The “net neutrality principle”, intended as the opportunity to preserve Internet’s open character, represents an hot topic in the field of Web regulation. It means that the central importance concerning the equal treatment of online transmitted data traffic has to be supported, in order to prevent any discrimination based on the content of the transmitted data, by avoiding the arrangement of preferential channels. By this way, a broadband network is defined “neutral” as far as its connected devices result to be unrestricted, also with reference to the manner by which contents and services are provided to the user. This particularly means that Internet service provider would not be permitted to make commercial offers, as built on assigning priorities to different service packages of the information, blocking or slowing access to certain sites or services. It is the so-called mechanism of paid prioritization, which facilitate, upon payment, download content faster than others. Following the theory postulating the need for net neutrality, the success of Internet has been the equal treatment of the contents. 

In fact, if the provider could require payment of an additional fee for internet service providers transmitting streaming video content, because they consume more bandwidth (i.e. network capacity, which for the company is providing a cost), probably only large service companies (like YouTube and Netflix) would have the necessary resources to operate in cyberspace. Such consequence could undermine other, less known, contents, that would both travel more slowly and be less accessible by the web surfer.

On the contrary, the critics on the opportunity of net neutrality believe that the equal treatment of traffic affects the possibility of innovation by the provider. The latter should be able to experiment with new business solutions, not necessarily contrary to the interests of its clients. Applying strictly the rules of net neutrality,  the providers would be limited to develop new services, limiting new investment opportunities. Last February, the Federal Communications Commission (FCC) issued the Open Internet Order, the document that lays down new rules on neutrality, declaring itself as a guarantee of freedom of expression, to defend of consumers’ interests and caring at the same time to preserve the possibilities of technological progress of electronic means. The document rejects the idea of two-speed network and reclassifies the internet provider as traditional telephone carriers, namely as public utilities, entering the broadband services in the category of Telecommunications Services under Title II of the Telecommunications Act. The regulation wants to hit some discriminatory practice, such as the block of access to data packets from certain categories of communications (such as P2P and streaming video), the throlling of broadband network provided to users and the providing a payment network service consumer of lanes of preferential access to resources of wider connectivity.

Against the regulations established by the FCC were hurled companies providing connection service, AT&T and Verizon in the forefront. The Court of Appeal on June 12th 2015 dismissed the appeal of the Us Telecom, the trade association of the US internet service provider, sanctioning the entry into force of the scheme established by the FCC.

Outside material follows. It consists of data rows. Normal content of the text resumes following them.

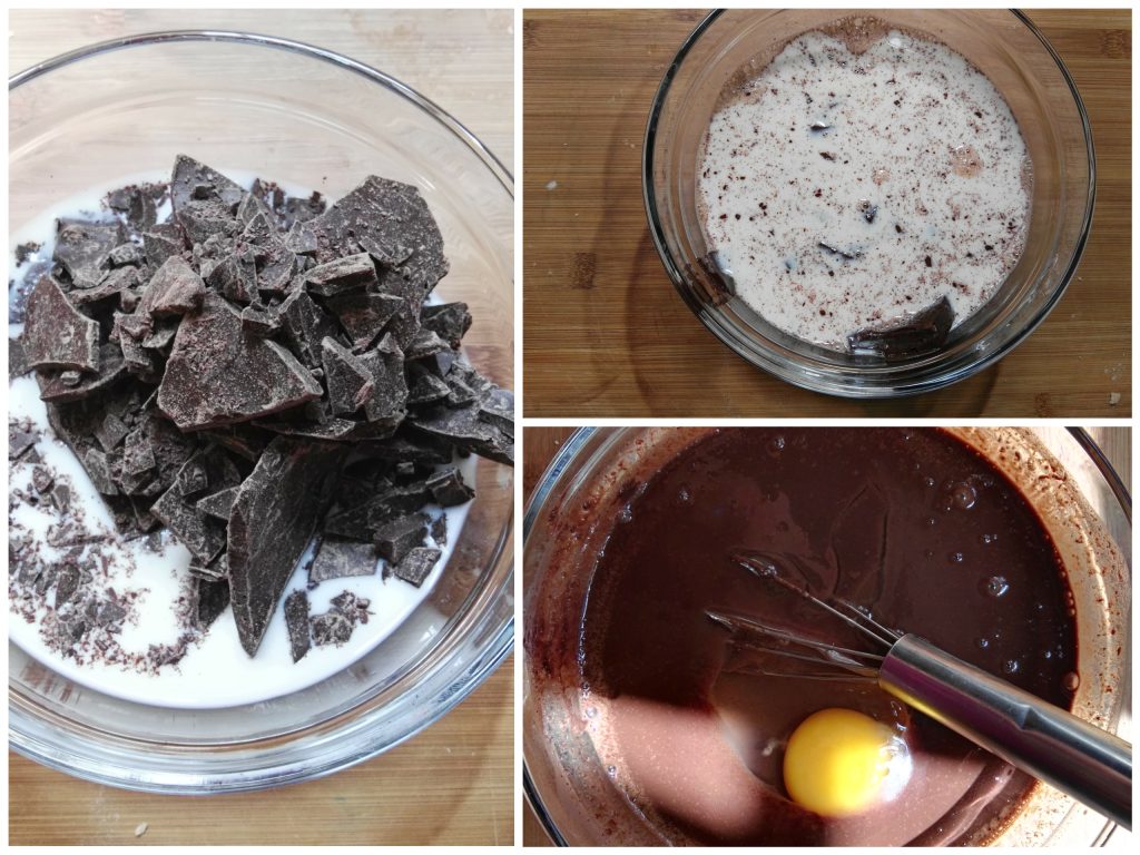 • Portez le lait à frôler l’ébullition, ajoutez le chocolat et mélangez jusqu’à ce qu’il soit entièrement fondu, ajoutez un œuf et attendez que la préparation tiédisse.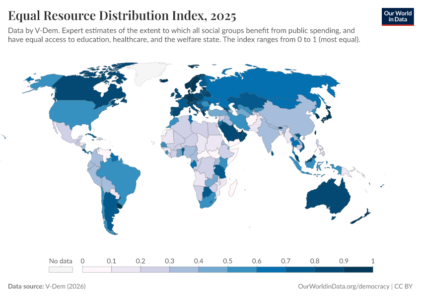 V-Dem (2025) – processed by Our World in Data. “Equal resource distribution index – V-Dem” [dataset]. V-Dem, “Democracy report v15” [original data]. Retrieved January 6, 2026 from https://select-date-by-typing.owid.pages.dev/grapher/equal-resource-distribution-index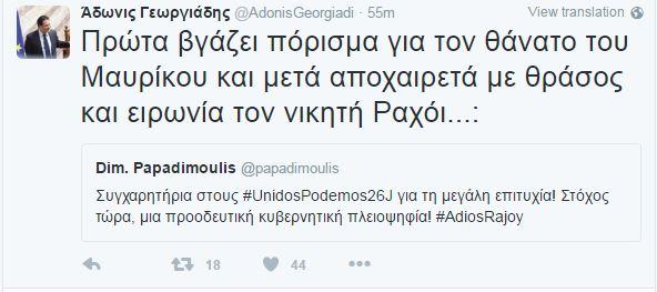 Επίθεση Άδωνι στον Παπαδημούλη για τα συγχαρητήρια στους Podemos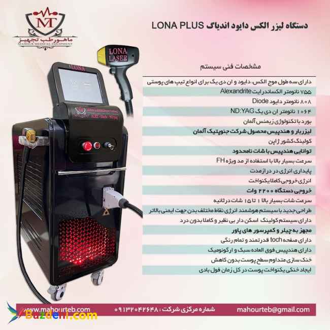 شرکت ماهور طب تولیدکننده و وارد کننده انواع دستگاه های زیبایی و لیزر، دستگاه لیزر قدرتمند لونا پلاس با سه طول موج الکس دایود اندیاگ را با بهترین قیمت در استان خراسان جنوبی و شهر بیرجند به فروش می رساند. خرید دستگاه لیزر موی زائد با کیفیت کار مشکلی است و برای این کار باید فاکتورهای متعددی را در نظر داشته باشید. دستگاه لونا لیزر که بهترین دستگاه لیزر دایود پلاتینیوم در بازار حال حاضر به شمار می آید با ویژگی های منحصر به فردی که دارد می تواند تمامی دغدغه های پزشکان محترم بیرجند را در خصوص جوابدهی لیزر موهای زائد بیماران برطرف کند. مشخصات دستگاه لیزر موی زائد لونا پلاس دستگاه لیزر لونا پلاس دارای سه طول موج الکس دایود و اندیاگ از جدیدترین تکنولوژی های روز برای حذف موهای زائد صورت و بدن استفاده می کند. این دستگاه مجهز به چیلر داخلی قدرتمند و سیستم خنک کننده بسیار قوی است که می توان با وجود این قابلیت منحصر بفرد به راحتی لیزر موهای زائد را بدون کوچکترین درد و یا عوارض خاصی انجام داد. دستگاه لیزر دایود پلاتینیوم لونا پلاس می تواند موهای زائد انواع پوست های تیره و روشن را برطرف کند و برای لیزر تمامی نقاط بدن بدون تقریبا هیچ محدودیتی قابل استفاده است. عمق نفوذپذیری این دستگاه نسبت به الکساندرایت بالاتر است. ویژگی های دستگاه لیزر دایود پلاتینیوم لونا پلاس : • مناسب برای تمامی تیپ های پوستی با انواع ضخامت مو • طول موج و انرژی بالای لیزر و قدرت نفوذ و جذب بالا در ملانین مو • عملکرد سریع، سرعت شات بالا و کاهش تعداد جلسات درمان • مجهز به چیلر داخلی قدرتمند و سیستم خنک کننده مجزا • توانایی هندپیس با شات نامحدود • لیزربار محصول شرکت جنوپتیک آلمان • یک سال گارانتی معتبر و 10 سال خدمات پس از فروش • نصب و راه اندازی و آموزش کار با دستگاه به صورت رایگان • دارای شرایط فروش به صورت نقد و اقساط بدون بهره • ارائه مدرک گواهینامه آموزشی بین المللی از مراکز معتبر علمی دستگاه رفع موی زائد پلاتینیوم لونا پلاس طول موج و انرژی بالایی دارد و در درمان موهای زائد نتایج قابل توجهی را ارائه می دهد و همین مساله مهم ترین عامل برای پزشکانی است که قصد خرید دستگاه لیزر موی زائد در بیرجند را دارند. در صورت داشتن هرگونه سوالی در زمینه خرید دستگاه لیزر موهای زائد در بیرجند می توانید پاسخ خود را از طریق تماس تلفنی با مشاوران ماهور طب دریافت نمایید. مشاور ماهور طب : 09132042648 آدرس سایت : www.mahourteb.com *** مشاوره و تجهیز فقط به صورت حضوری در محل شرکت ماهور طب انجام می شود*** توجه : شرکت ماهور طب هیچ گونه فروش اینترنتی ندارد!!!

Looking back to the European scene, the situation currently stands on a line of difficult political impasse, working hard to assert an autonomous position. At the time of writing, in fact, the debate rages in Brussels. Next to the so-called lane "Best Effort", it believes should therefore be allowed a preferential channel to guaranteed quality or higher, for access to which is necessary to recognize its economic value in order to justify and legitimize a payment that is appropriate to the use itself.